YOUR ASSIGNMENT – The records below are to be output exactly, except for their pictures.

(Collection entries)
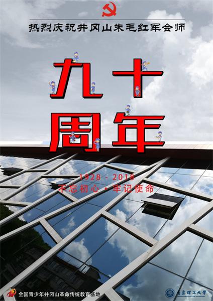 除了唱、绘、拍,作为建筑学子,团队成员还充分结合专业特色,精心制作出系列主题海报,以朱德和毛泽东在井冈山胜利会师90周年这一中国人民解放军建军史上的重要历史事件纪念为背景。以回忆井冈为主题完成了4张系列海报。海报的画风在结合红色元素的基础上以现代简洁明了与富有艺术性的拼贴纹理风格融合而成,增加了海报的艺术性和原创性。使井冈山革命传统教育基地建筑和井冈山秀美的环境通过色彩关系和纹理完美融合在一起。
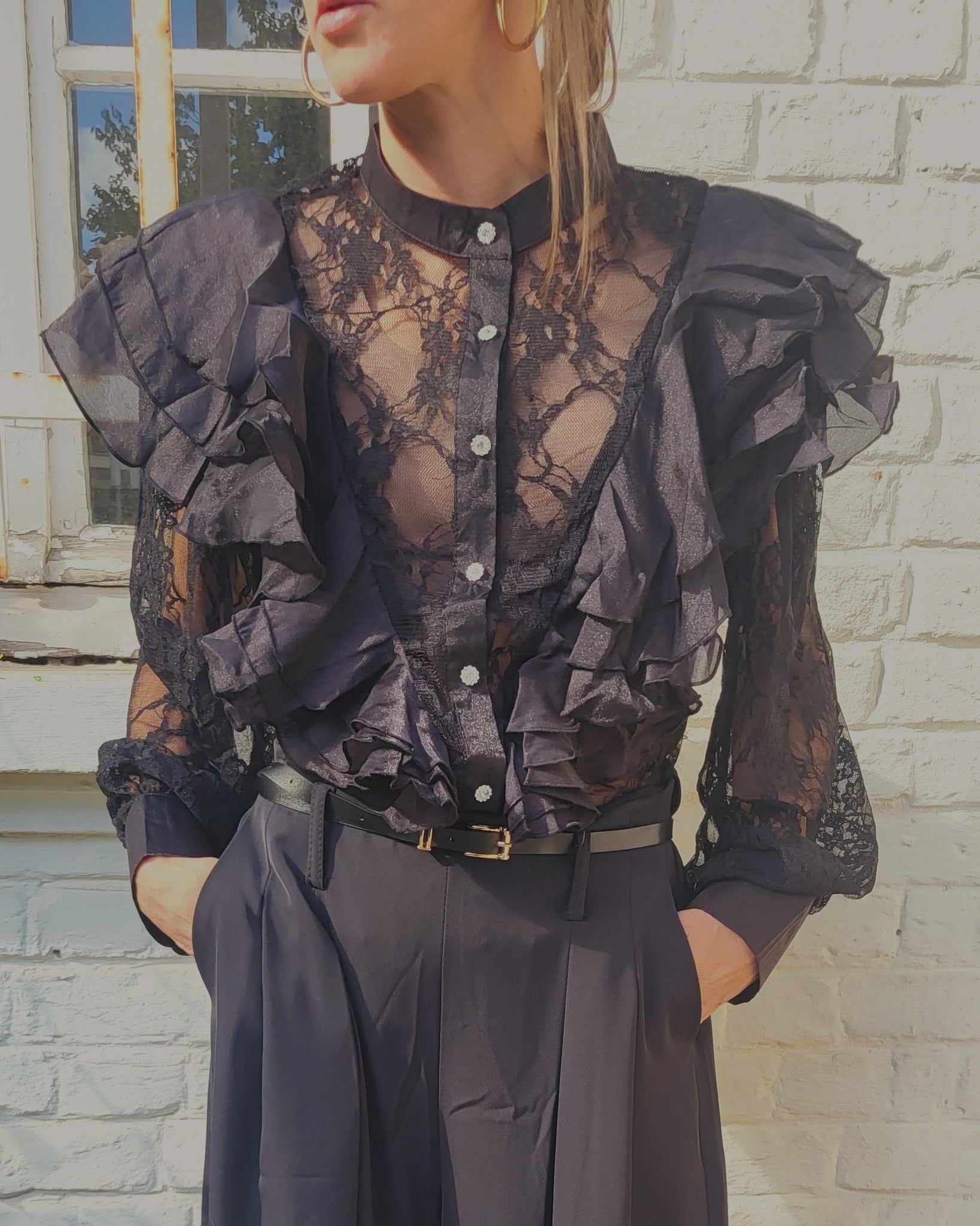 petits boutons bijoux, longues manches dentelle fermées par 2 petits boutons
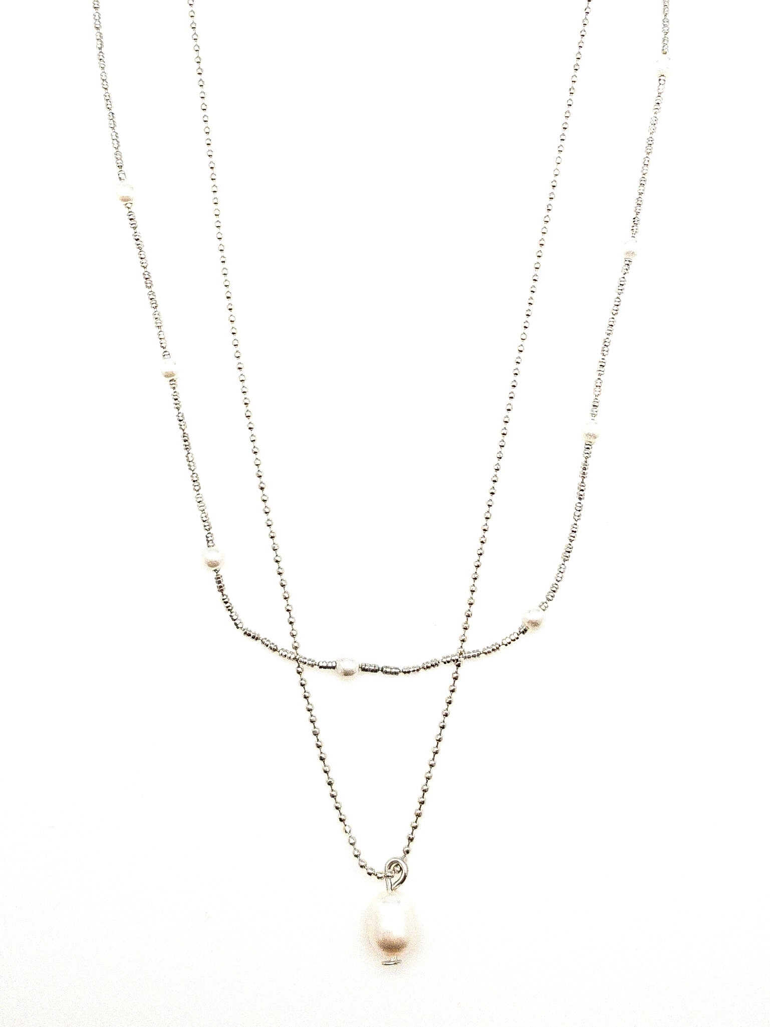 The Chandler Necklace is a delicate layered necklace featuring two fine silver chains. The shorter chain has small, evenly spaced pearls, adding a subtle touch of elegenace , while the longer chain holds one larger pearl. The combination of minimalistic silver chains and pearls create a timeless, graceful look that can either be casual or formal.
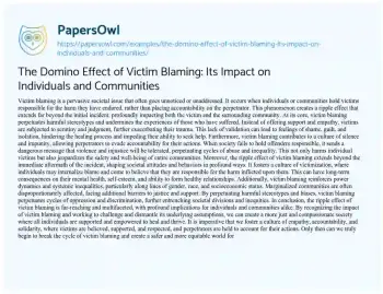 The Domino Effect of Victim Blaming: Its Impact on Individuals and Communities. (2024, Mar 25). Retrieved from https://hub.papersowl.com/examples/the-domino-effect-of-victim-blaming-its-impact-on-individuals-and-communities/
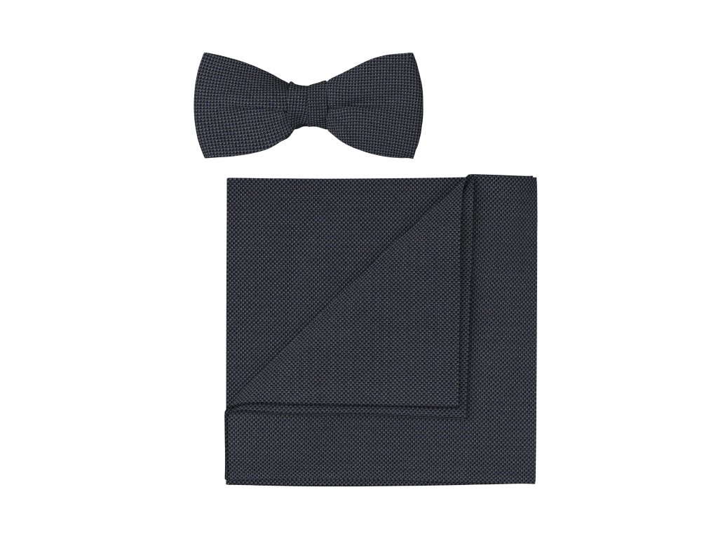 Elegantní set motýlku a kapesníčku s jemnou strukturou látky. Ideální doplněk k obleku pro slavnostní příležitosti, svatby i večerní akce. Motýlek je předvázaný a snadno nastavitelný, kapesníček dokonale ladí ve stejném designu.
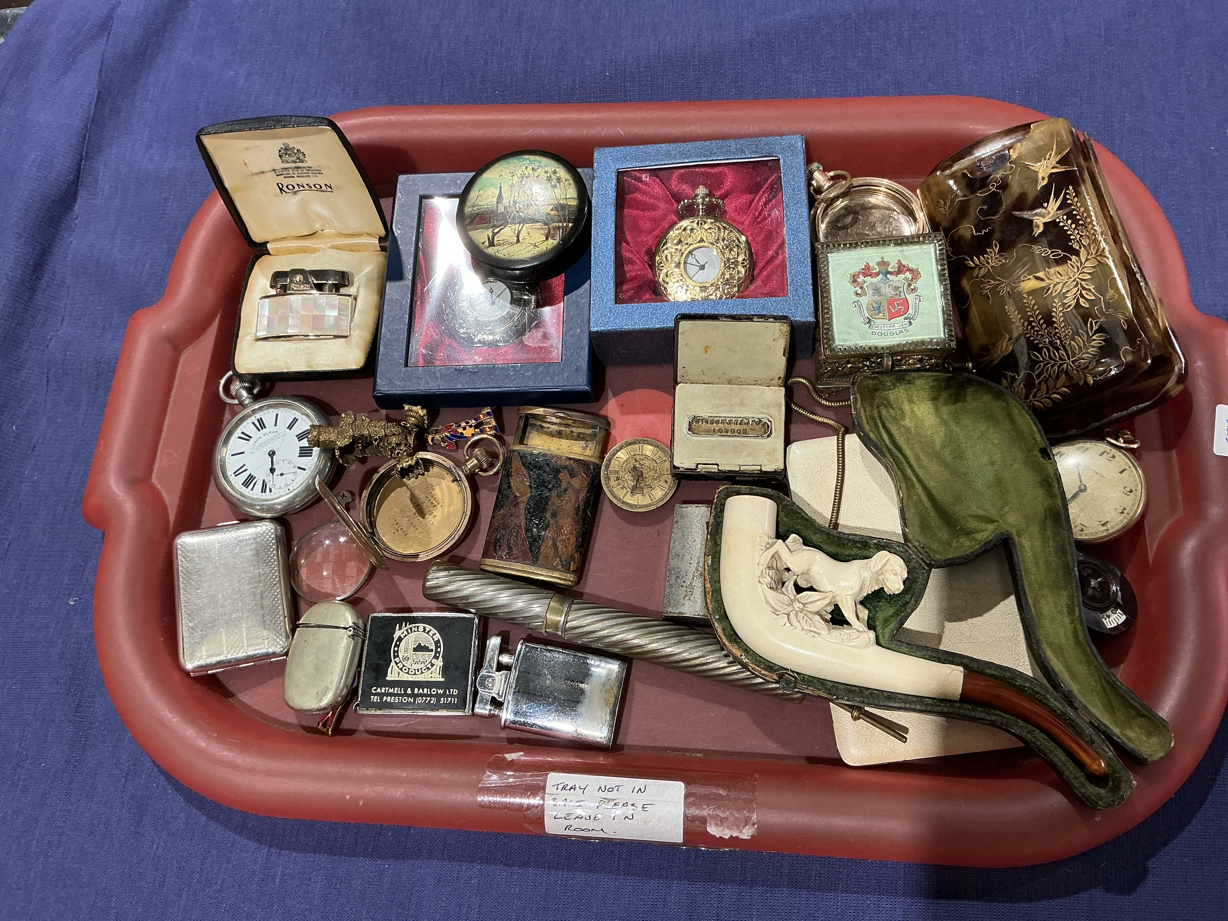 An assortment of various vintage and antique small collectibles and personal accessories. The collection includes multiple pocket watches in various states, some housed in original or presentation boxes. Featured lighters include a Ronson with mother-of-pearl patterned panels in its case and a matchbox sleeve for Cartmell & Barlow Ltd of Preston. The lot contains a carved meerschaum tobacco pipe depicting a dog, presented in a fitted, green velvet-lined case. Also included is a long, spiral-twisted metal rod, a small tortoiseshell-style cup with gilt bird and floral decorations, and various small metal boxes, one of which features a heraldic crest for Douglas. The items are composed of mixed materials including base and precious metals, meerschaum, and various decorative surfaces.
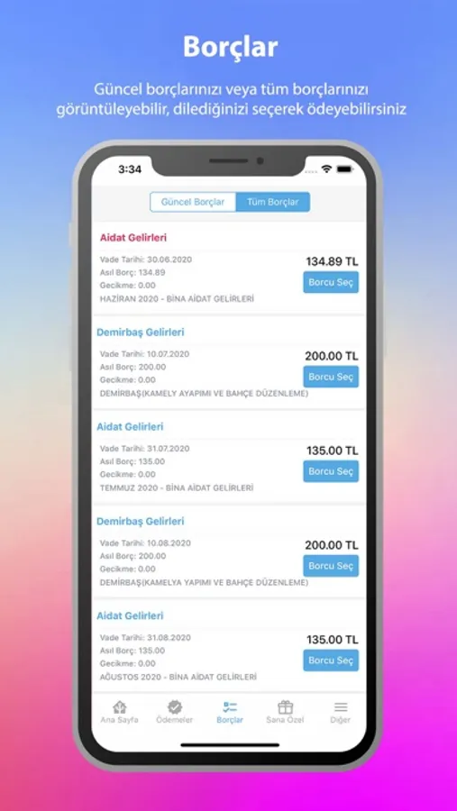 Borçlar sekmesinde güncel borçlar ve tüm borçlar olmak üzere 2 sekme bulunmaktadır. İçinde bulunduğunuz ödemeniz gereken borçlar güncel borçlar sekmesinde, carinize işlenen borçların tamamı iste tüm borçlar içinde bulunmaktadır. Dilerseniz güncel borçlardan dilerseniz tüm borçlardan seçim yaparak kredi kartınızla ödeme gerçekleştirebilirsiniz.
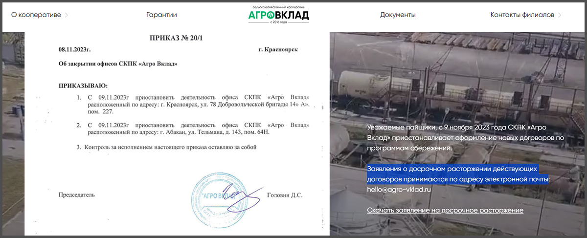 Сразу после исчезновения Гольдмана панику подняли сотни вкладчиков кооператива «Агро Вклад», напрямую связанного с холдингом. Вкладчики остались без выплаты дивидендов, на офисе кооператива одиноко висело объявление о прекращении выплат.
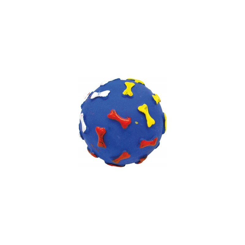 Ta winylowa piłka z wbudowaną grzechotką w formie kostki to klasyczna i wszechstronna zabawka, która sprawdzi się w wielu sytuacjach wspólnej zabawy z psem. Jej kompaktowy rozmiar, około 7,5 cm średnicy, jest odpowiedni dla większości ras, zarówno do aportowania, jak i samodzielnego tarmoszenia.
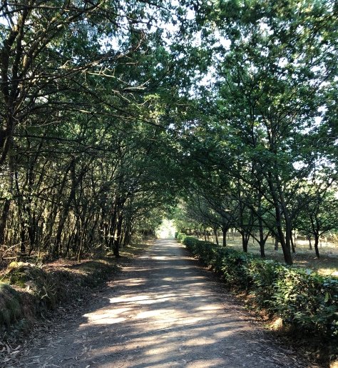After saying goodbye to the sister we left town and up ahead was a tunnel of trees on the Way:
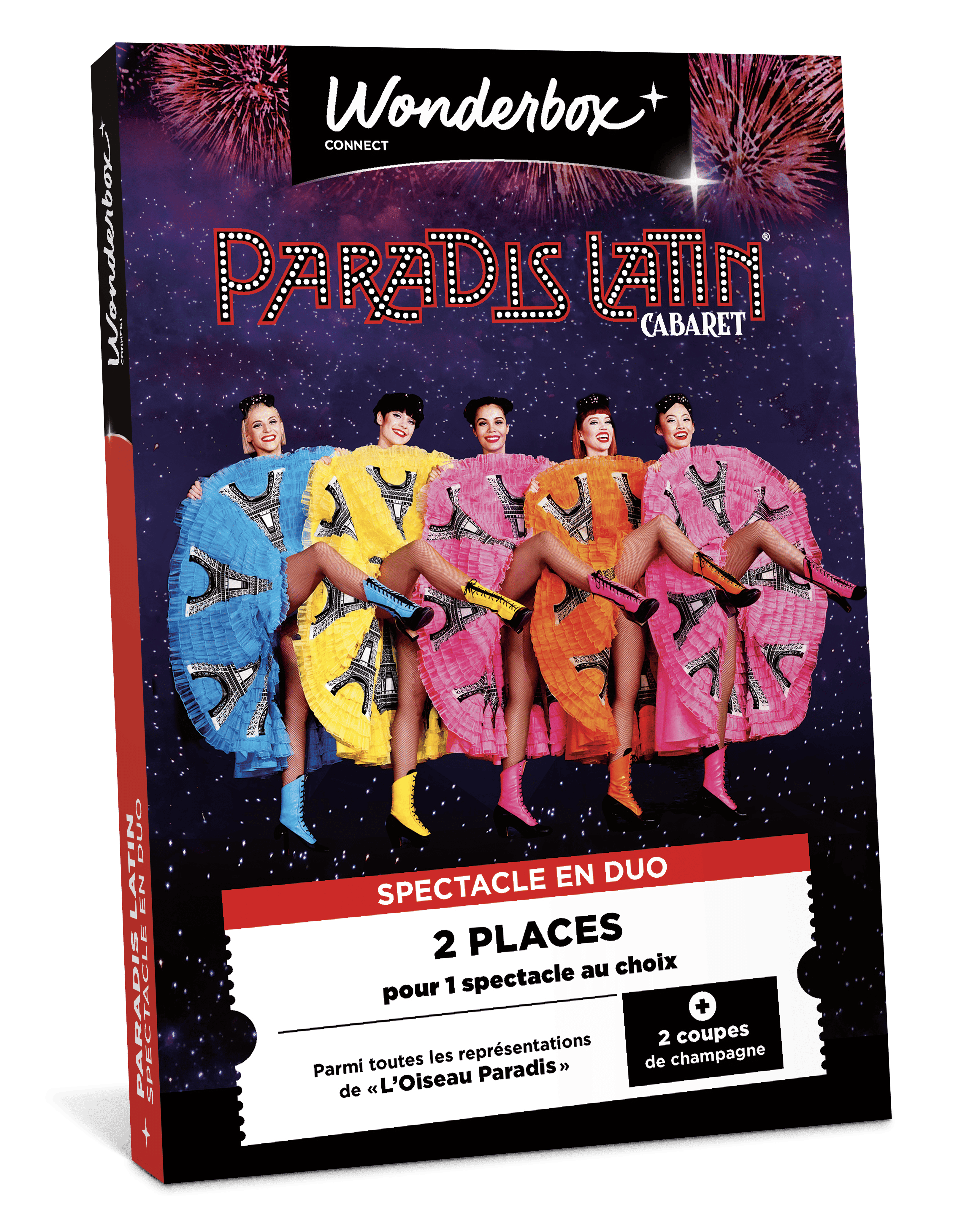 Bienvenue au Paradis Latin, cabaret mythique au cœur de Paris ! Depuis 2019, le Paradis Latin présente sa nouvelle revue « L’Oiseau Paradis » mise en scène et chorégraphiée par Kamel Ouali. Plongez dans un monde de glamour et de féerie et laissez-vous séduire par des performances captivantes, des costumes somptueux et une ambiance enivrante. Ce coffret vous permet de réserver 2 places pour 1 revue + 1 coupe de champagne par personne*. Planifiez votre représentation, ajoutez des participants ou d’autres options en ligne et en quelques clics, depuis wonderbox-connect.com. Offrez un accès à plus de 100 partenaires d'exception et donnez-leur le choix parmi toute une sélection de matchs, de séjours, de parcs d'attractions, de spectacles ou encore de séances de cinéma. Ce coffret est valable 2 ans et 3 mois à partir de la date d'achat. Wonderbox Connect est revendeur officiel du Paradis Latin. * : selon le calendrier du partenaire. Certains partenaires peuvent imposer un délai de réservation. Nous vous invitons à vous connecter sur wonderbox-connect.com pour consulter ce délai. Notre prix est déterminé en accord avec la politique tarifaire du partenaire au moment de la mise en vente du coffret. Si les tarifs du partenaire évoluent, la différence de prix pourra être facturée à l’utilisateur au moment de la réservation.
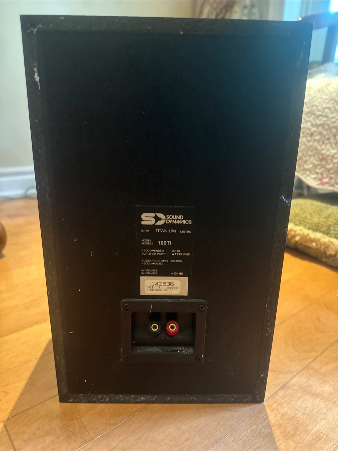 Selling a pair of Sound Dynamics 100Ti speakers. They are in good condition and ready to amplify your listening experience! the model is 100Ti, with an impedance of 4 ohms.
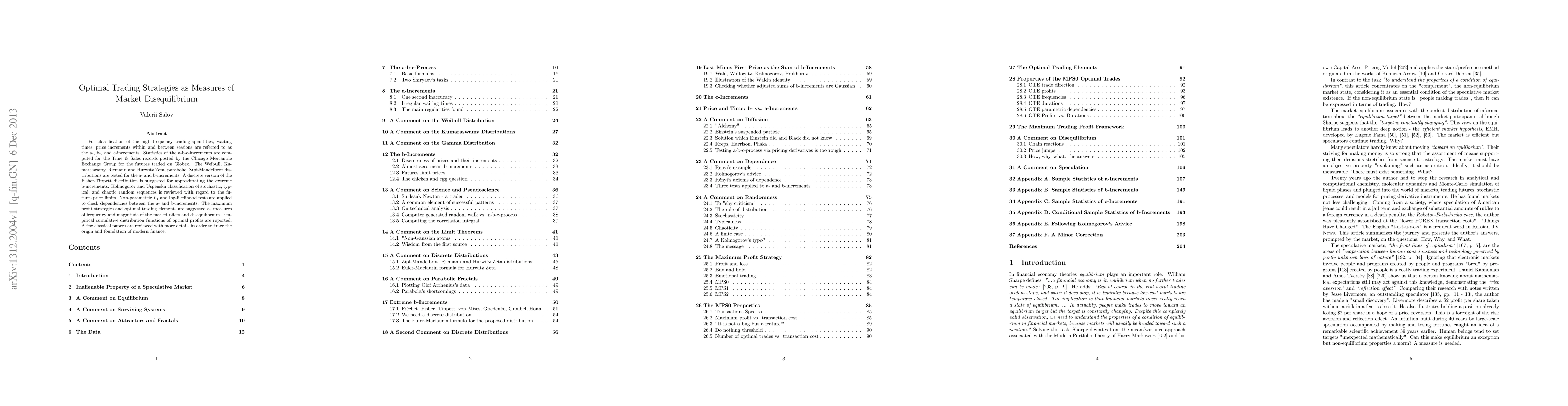 This research paper analyzes high-frequency trading data from the Chicago Mercantile Exchange to identify optimal trading strategies that reflect market disequilibrium. It proposes new statistical distributions and tests for measuring frequency and magnitude of market offers and chaos in futures prices.
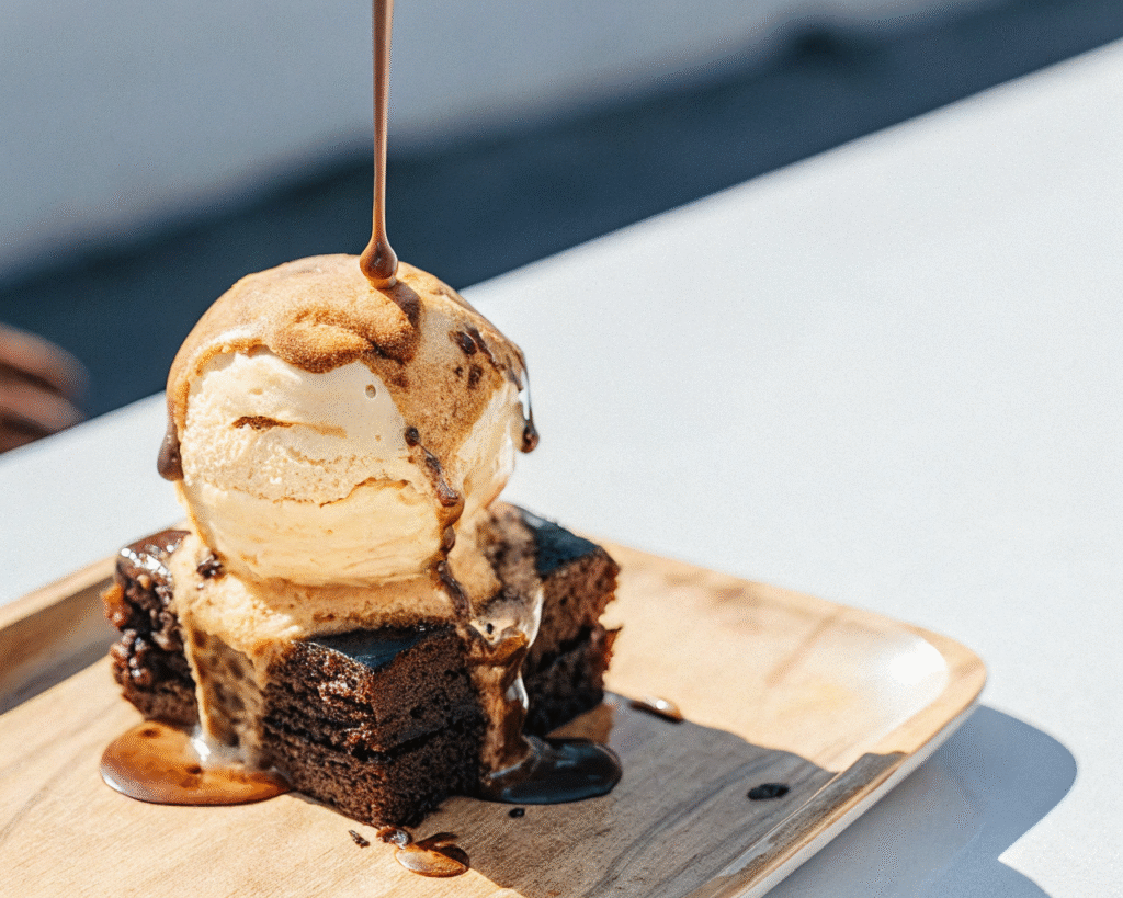 Temperature Contrast: Serving hot pudding with cold ice cream creates sensory contrast that’s incredibly satisfying and makes both elements taste better.

TASK ANSWER –
 除了唱、绘、拍,作为建筑学子,团队成员还充分结合专业特色,精心制作出系列主题海报,以朱德和毛泽东在井冈山胜利会师90周年这一中国人民解放军建军史上的重要历史事件纪念为背景。以回忆井冈为主题完成了4张系列海报。海报的画风在结合红色元素的基础上以现代简洁明了与富有艺术性的拼贴纹理风格融合而成,增加了海报的艺术性和原创性。使井冈山革命传统教育基地建筑和井冈山秀美的环境通过色彩关系和纹理完美融合在一起。
 petits boutons bijoux, longues manches dentelle fermées par 2 petits boutons
 The Chandler Necklace is a delicate layered necklace featuring two fine silver chains. The shorter chain has small, evenly spaced pearls, adding a subtle touch of elegenace , while the longer chain holds one larger pearl. The combination of minimalistic silver chains and pearls create a timeless, graceful look that can either be casual or formal.
 The Domino Effect of Victim Blaming: Its Impact on Individuals and Communities. (2024, Mar 25). Retrieved from https://hub.papersowl.com/examples/the-domino-effect-of-victim-blaming-its-impact-on-individuals-and-communities/
 Elegantní set motýlku a kapesníčku s jemnou strukturou látky. Ideální doplněk k obleku pro slavnostní příležitosti, svatby i večerní akce. Motýlek je předvázaný a snadno nastavitelný, kapesníček dokonale ladí ve stejném designu.
 An assortment of various vintage and antique small collectibles and personal accessories. The collection includes multiple pocket watches in various states, some housed in original or presentation boxes. Featured lighters include a Ronson with mother-of-pearl patterned panels in its case and a matchbox sleeve for Cartmell & Barlow Ltd of Preston. The lot contains a carved meerschaum tobacco pipe depicting a dog, presented in a fitted, green velvet-lined case. Also included is a long, spiral-twisted metal rod, a small tortoiseshell-style cup with gilt bird and floral decorations, and various small metal boxes, one of which features a heraldic crest for Douglas. The items are composed of mixed materials including base and precious metals, meerschaum, and various decorative surfaces.
 Borçlar sekmesinde güncel borçlar ve tüm borçlar olmak üzere 2 sekme bulunmaktadır. İçinde bulunduğunuz ödemeniz gereken borçlar güncel borçlar sekmesinde, carinize işlenen borçların tamamı iste tüm borçlar içinde bulunmaktadır. Dilerseniz güncel borçlardan dilerseniz tüm borçlardan seçim yaparak kredi kartınızla ödeme gerçekleştirebilirsiniz.
 Сразу после исчезновения Гольдмана панику подняли сотни вкладчиков кооператива «Агро Вклад», напрямую связанного с холдингом. Вкладчики остались без выплаты дивидендов, на офисе кооператива одиноко висело объявление о прекращении выплат.
 Ta winylowa piłka z wbudowaną grzechotką w formie kostki to klasyczna i wszechstronna zabawka, która sprawdzi się w wielu sytuacjach wspólnej zabawy z psem. Jej kompaktowy rozmiar, około 7,5 cm średnicy, jest odpowiedni dla większości ras, zarówno do aportowania, jak i samodzielnego tarmoszenia.
After saying goodbye to the sister we left town and up ahead was a tunnel of trees on the Way:
 Bienvenue au Paradis Latin, cabaret mythique au cœur de Paris ! Depuis 2019, le Paradis Latin présente sa nouvelle revue « L’Oiseau Paradis » mise en scène et chorégraphiée par Kamel Ouali. Plongez dans un monde de glamour et de féerie et laissez-vous séduire par des performances captivantes, des costumes somptueux et une ambiance enivrante. Ce coffret vous permet de réserver 2 places pour 1 revue + 1 coupe de champagne par personne*. Planifiez votre représentation, ajoutez des participants ou d’autres options en ligne et en quelques clics, depuis wonderbox-connect.com. Offrez un accès à plus de 100 partenaires d'exception et donnez-leur le choix parmi toute une sélection de matchs, de séjours, de parcs d'attractions, de spectacles ou encore de séances de cinéma. Ce coffret est valable 2 ans et 3 mois à partir de la date d'achat. Wonderbox Connect est revendeur officiel du Paradis Latin. * : selon le calendrier du partenaire. Certains partenaires peuvent imposer un délai de réservation. Nous vous invitons à vous connecter sur wonderbox-connect.com pour consulter ce délai. Notre prix est déterminé en accord avec la politique tarifaire du partenaire au moment de la mise en vente du coffret. Si les tarifs du partenaire évoluent, la différence de prix pourra être facturée à l’utilisateur au moment de la réservation.
 Selling a pair of Sound Dynamics 100Ti speakers. They are in good condition and ready to amplify your listening experience! the model is 100Ti, with an impedance of 4 ohms.
 This research paper analyzes high-frequency trading data from the Chicago Mercantile Exchange to identify optimal trading strategies that reflect market disequilibrium. It proposes new statistical distributions and tests for measuring frequency and magnitude of market offers and chaos in futures prices.
 Temperature Contrast: Serving hot pudding with cold ice cream creates sensory contrast that’s incredibly satisfying and makes both elements taste better.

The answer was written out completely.